(Source data)
= Beginning of Section =

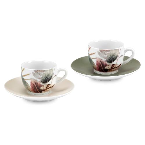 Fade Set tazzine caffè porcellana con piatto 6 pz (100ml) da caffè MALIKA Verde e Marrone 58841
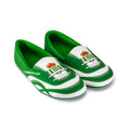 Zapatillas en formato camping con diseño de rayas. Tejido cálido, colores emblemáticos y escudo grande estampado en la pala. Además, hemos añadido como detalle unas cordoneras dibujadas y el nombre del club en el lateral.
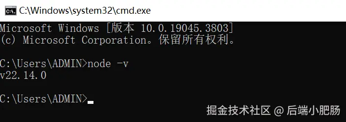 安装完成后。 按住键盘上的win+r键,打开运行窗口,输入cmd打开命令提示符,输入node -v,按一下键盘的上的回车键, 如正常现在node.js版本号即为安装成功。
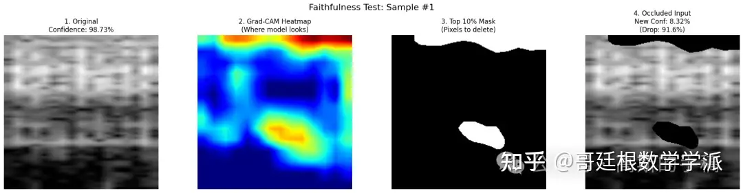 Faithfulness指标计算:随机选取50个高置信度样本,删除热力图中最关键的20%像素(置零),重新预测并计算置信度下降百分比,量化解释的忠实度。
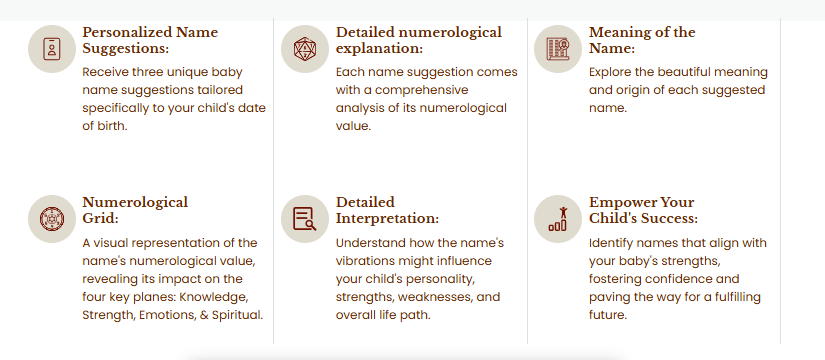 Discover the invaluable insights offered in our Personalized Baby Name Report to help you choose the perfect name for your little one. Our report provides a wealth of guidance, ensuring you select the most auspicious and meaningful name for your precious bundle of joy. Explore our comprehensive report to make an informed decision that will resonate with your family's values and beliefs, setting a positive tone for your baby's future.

= End of Section =

# EXERCISE INSTRUCTIONS:
Set down word for word the lines from the first entry through the line with "Faithfulness指标", both included, omitting pictures.

# SOLUTION TO THIS EXERCISE:
 Fade Set tazzine caffè porcellana con piatto 6 pz (100ml) da caffè MALIKA Verde e Marrone 58841
 Zapatillas en formato camping con diseño de rayas. Tejido cálido, colores emblemáticos y escudo grande estampado en la pala. Además, hemos añadido como detalle unas cordoneras dibujadas y el nombre del club en el lateral.
 安装完成后。 按住键盘上的win+r键,打开运行窗口,输入cmd打开命令提示符,输入node -v,按一下键盘的上的回车键, 如正常现在node.js版本号即为安装成功。
 Faithfulness指标计算:随机选取50个高置信度样本,删除热力图中最关键的20%像素(置零),重新预测并计算置信度下降百分比,量化解释的忠实度。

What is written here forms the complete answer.